At least one of Steph Curry and LeBron James has been involved in each of the last 10 NBA Finals series, including four straight years in which they went head-to-head for the title. The former is coming off a season in which he played only five games and his team finished in dead last, while the latter is still celebrating winning the NBA championship in the Orlando bubble with the Los Angeles Lakers.
Last season was a unique one for the Curry-James rivalry, in that only one of them played for a legitimate contender. But heading into the upcoming 2020-21 season, the landscape has changed, as both the Lakers and the Warriors (to a lesser extent) are expected to be among the top teams in the West.
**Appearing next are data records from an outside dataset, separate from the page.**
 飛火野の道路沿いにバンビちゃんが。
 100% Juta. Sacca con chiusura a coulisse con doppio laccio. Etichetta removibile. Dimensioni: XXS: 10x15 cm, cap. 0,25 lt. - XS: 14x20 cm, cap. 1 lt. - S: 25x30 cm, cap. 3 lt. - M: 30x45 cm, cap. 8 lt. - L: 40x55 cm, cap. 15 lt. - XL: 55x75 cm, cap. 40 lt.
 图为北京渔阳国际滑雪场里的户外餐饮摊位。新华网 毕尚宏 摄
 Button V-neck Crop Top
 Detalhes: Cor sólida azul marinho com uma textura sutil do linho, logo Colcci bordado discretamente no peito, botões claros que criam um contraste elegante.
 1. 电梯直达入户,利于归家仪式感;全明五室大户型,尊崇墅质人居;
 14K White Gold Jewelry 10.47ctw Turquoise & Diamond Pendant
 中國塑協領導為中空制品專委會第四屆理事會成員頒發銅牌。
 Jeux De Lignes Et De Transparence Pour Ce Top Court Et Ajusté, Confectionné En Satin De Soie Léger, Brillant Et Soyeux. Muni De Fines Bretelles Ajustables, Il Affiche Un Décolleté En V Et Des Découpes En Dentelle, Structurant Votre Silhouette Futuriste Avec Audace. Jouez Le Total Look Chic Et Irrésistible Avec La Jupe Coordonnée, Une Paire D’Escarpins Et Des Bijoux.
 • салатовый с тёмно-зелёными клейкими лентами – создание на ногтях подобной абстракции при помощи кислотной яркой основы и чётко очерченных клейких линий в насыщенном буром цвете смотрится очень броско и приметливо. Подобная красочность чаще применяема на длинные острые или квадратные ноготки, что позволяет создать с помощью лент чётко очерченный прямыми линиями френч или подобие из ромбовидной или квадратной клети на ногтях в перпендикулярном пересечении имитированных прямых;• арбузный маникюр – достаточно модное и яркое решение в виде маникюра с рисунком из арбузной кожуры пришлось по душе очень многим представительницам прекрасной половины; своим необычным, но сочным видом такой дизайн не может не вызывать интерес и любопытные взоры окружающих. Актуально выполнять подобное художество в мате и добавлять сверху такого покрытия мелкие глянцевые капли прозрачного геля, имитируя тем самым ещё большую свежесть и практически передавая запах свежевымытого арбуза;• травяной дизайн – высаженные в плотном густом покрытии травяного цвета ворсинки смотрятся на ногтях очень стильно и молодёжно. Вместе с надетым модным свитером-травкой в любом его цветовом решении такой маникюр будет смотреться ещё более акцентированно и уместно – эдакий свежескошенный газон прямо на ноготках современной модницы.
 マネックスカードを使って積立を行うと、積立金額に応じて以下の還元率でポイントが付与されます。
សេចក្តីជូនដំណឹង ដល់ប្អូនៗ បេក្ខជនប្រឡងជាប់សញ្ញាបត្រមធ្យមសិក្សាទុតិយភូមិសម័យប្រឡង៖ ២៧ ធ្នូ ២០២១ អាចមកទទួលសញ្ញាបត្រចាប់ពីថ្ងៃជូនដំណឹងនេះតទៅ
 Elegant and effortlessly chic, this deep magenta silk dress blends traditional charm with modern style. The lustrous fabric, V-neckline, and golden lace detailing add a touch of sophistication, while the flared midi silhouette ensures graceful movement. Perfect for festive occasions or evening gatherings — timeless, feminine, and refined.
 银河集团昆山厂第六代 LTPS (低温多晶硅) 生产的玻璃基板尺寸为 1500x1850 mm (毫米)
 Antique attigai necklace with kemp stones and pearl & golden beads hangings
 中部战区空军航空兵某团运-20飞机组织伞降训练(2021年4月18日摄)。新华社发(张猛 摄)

It has been decades since Los Angeles and Golden State both were good at the same time, and this season presents an opportunity for that regional rivalry to be taken up another notch or two. But from Curry's perspective, there is no individual rivalry with James to speak of, but rather just two world-class competitors who frequently have been intertwined.
"We did play, the Warriors-Cavs, four years in a row," Curry told Complex's Zach Frydenlund. "It's not that long ago in terms of that whole conversation and whatnot. And now obviously him being in the West, in the same division, and should play them four times in a normal year. But I think at the end of the day, if you get caught up in that, you're already at a disadvantage just because there's so many other teams and other players at the top.
"And what Bron did in the Finals, or in the bubble season this year, and what he continues to do every year -- it's truly remarkable and unbelievable. I love that competition. And whoever that next guy that's going to challenge the top five, top 10 list in the league and all that type of stuff, that's for everybody else to talk about. We know what's up on the court when you see a guy across the way, you know you've got a force to be reckoned with. I want to be in that conversation every year, no matter who it is."
Those four consecutive Finals series between the Warriors and Cleveland Cavaliers brought plenty of joy and pain to both sides, and both Curry and James obviously were at the center of what transpired. But with Curry now surrounded by a considerably different supporting cast and James now playing for an entirely different franchise, that particular era of the "rivalry" has come to a close -- for the Warriors, at least.
"Forever, it's going to be hard to get rid of the four year back and forth between the Warriors and Cleveland," Curry continued, "but we're moving on."
Curry is focused on what lies ahead of him and Golden State, and for good reason. And if all goes as he and the Warriors hope, Curry and James might soon find themselves in a position to begin a new era of the "rivalry."